Exercise data Block Start

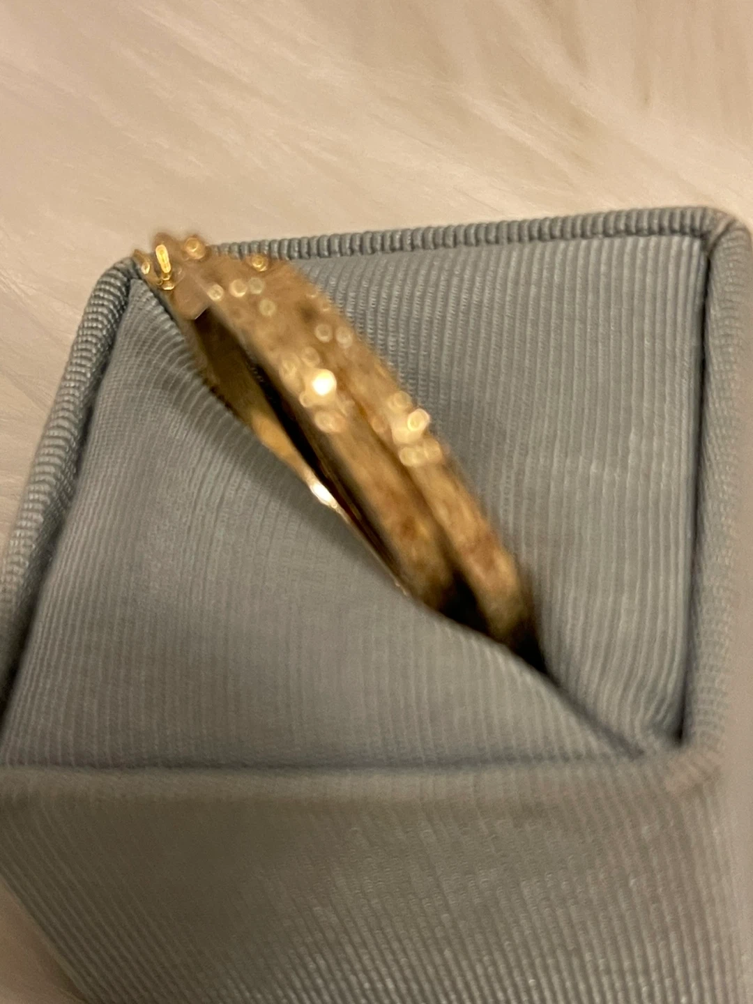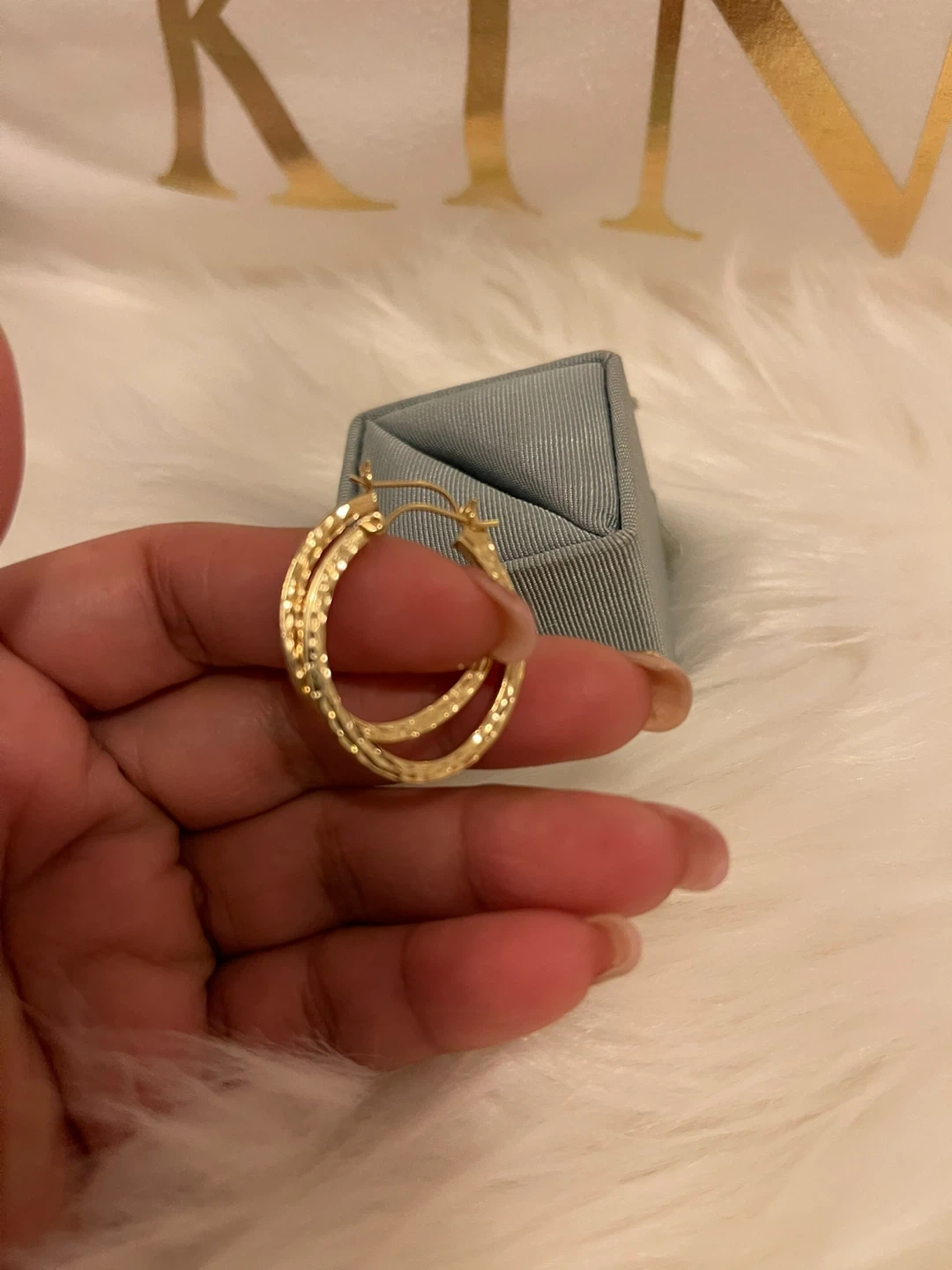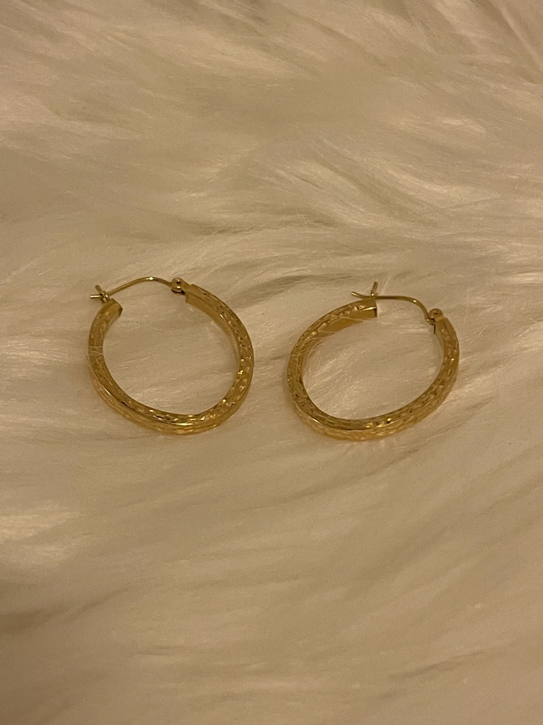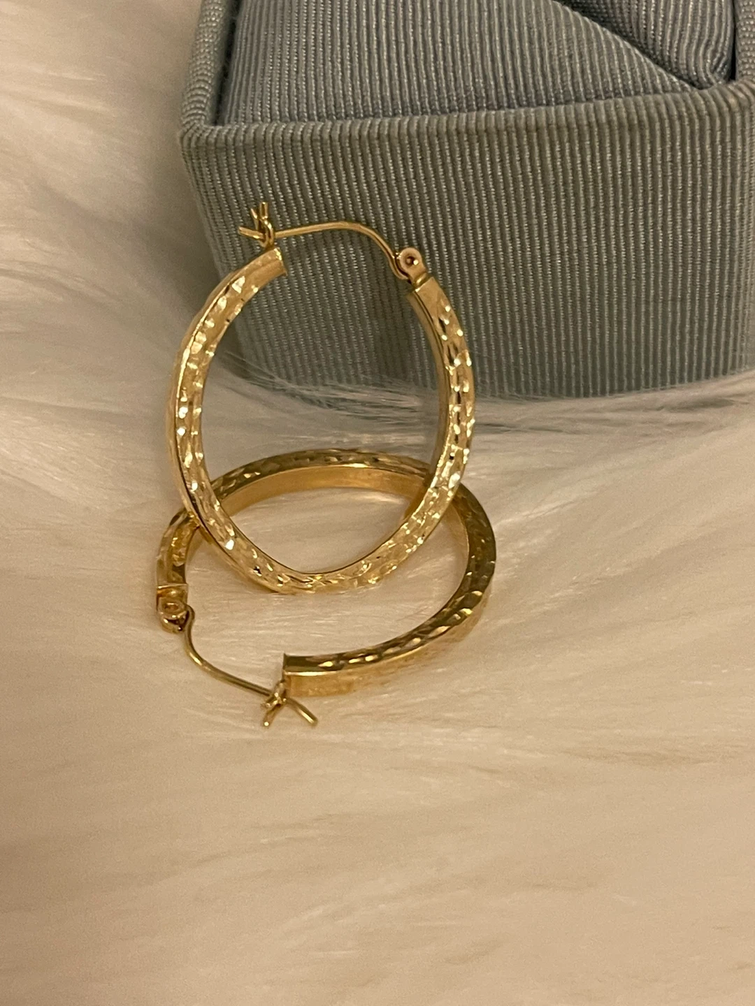 Pre-owned 14k Yellow Gold Diamond-Cut Hoop Earrings. This item is in excellent condition , it has just tiny dent on one but not noticeable . The distinctive textured appearance is achieved through diamond-cut techniques, allowing the gold to capture and reflect light from multiple angles, thereby enhancing its visual appeal. Selling on behalf of my Mom.
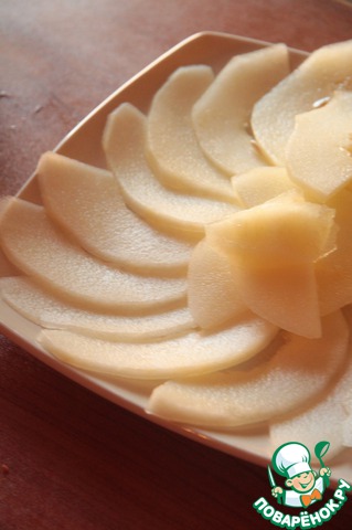 Делаем карпаччо из дыни, шинкуем ее максимально тонко.
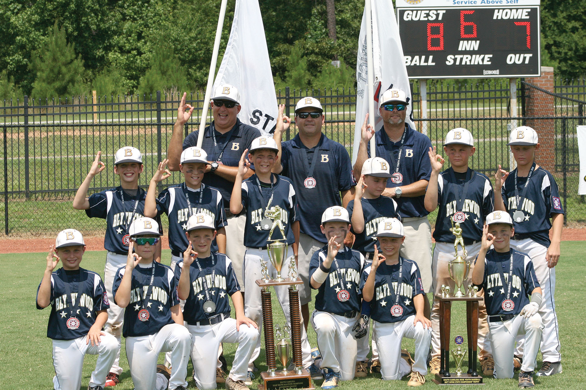 The Blythewood Minors 9- and 10-year old Dixie Youth Baseball team celebrate last week’s state title win. The team heads to Mississippi next week for the Little League World Series. Front: Landon Smith, Landon Penfield,Evan Todd, Alex Myers, Jackson Bottar and Sammy Franklin; middle: Miller Stuck, John Rollings,Jeb Britt, Ryan Watts, Harrison Collins and Jack Sanderson; back: coaches Ken Britt, Buzzy Myers and Les Penfield.
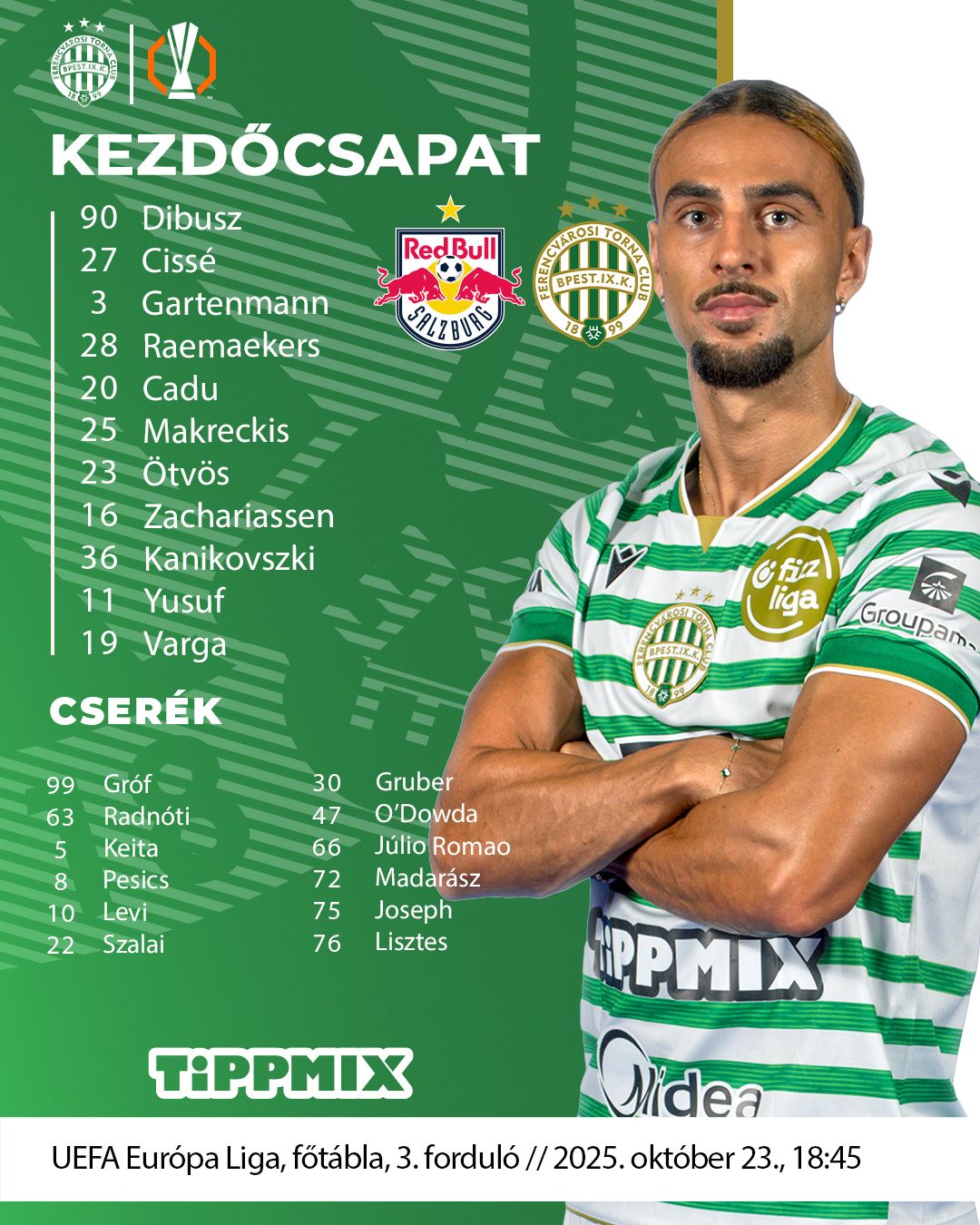 Salzburg: A. Schlager – Lainer, Gadou, J. Rasmussen, Krätzig – Yeo, Diabaté, Kjaergaard, Alajbegovic – Ratkov, Baidoo. Ferencváros: Dibusz – Gartenmann, Raemaekers, I. Cissé – Makreckis, Ötvös, Kanikovszki, Zachariassen, Cadu – Varga B., Yusuf.

Exercise data Block End

> _Task_
What is needed here is each line above set down word for word, minus the images.

> _Finished task_
 Pre-owned 14k Yellow Gold Diamond-Cut Hoop Earrings. This item is in excellent condition , it has just tiny dent on one but not noticeable . The distinctive textured appearance is achieved through diamond-cut techniques, allowing the gold to capture and reflect light from multiple angles, thereby enhancing its visual appeal. Selling on behalf of my Mom.
 Делаем карпаччо из дыни, шинкуем ее максимально тонко.
 The Blythewood Minors 9- and 10-year old Dixie Youth Baseball team celebrate last week’s state title win. The team heads to Mississippi next week for the Little League World Series. Front: Landon Smith, Landon Penfield,Evan Todd, Alex Myers, Jackson Bottar and Sammy Franklin; middle: Miller Stuck, John Rollings,Jeb Britt, Ryan Watts, Harrison Collins and Jack Sanderson; back: coaches Ken Britt, Buzzy Myers and Les Penfield.
 Salzburg: A. Schlager – Lainer, Gadou, J. Rasmussen, Krätzig – Yeo, Diabaté, Kjaergaard, Alajbegovic – Ratkov, Baidoo. Ferencváros: Dibusz – Gartenmann, Raemaekers, I. Cissé – Makreckis, Ötvös, Kanikovszki, Zachariassen, Cadu – Varga B., Yusuf.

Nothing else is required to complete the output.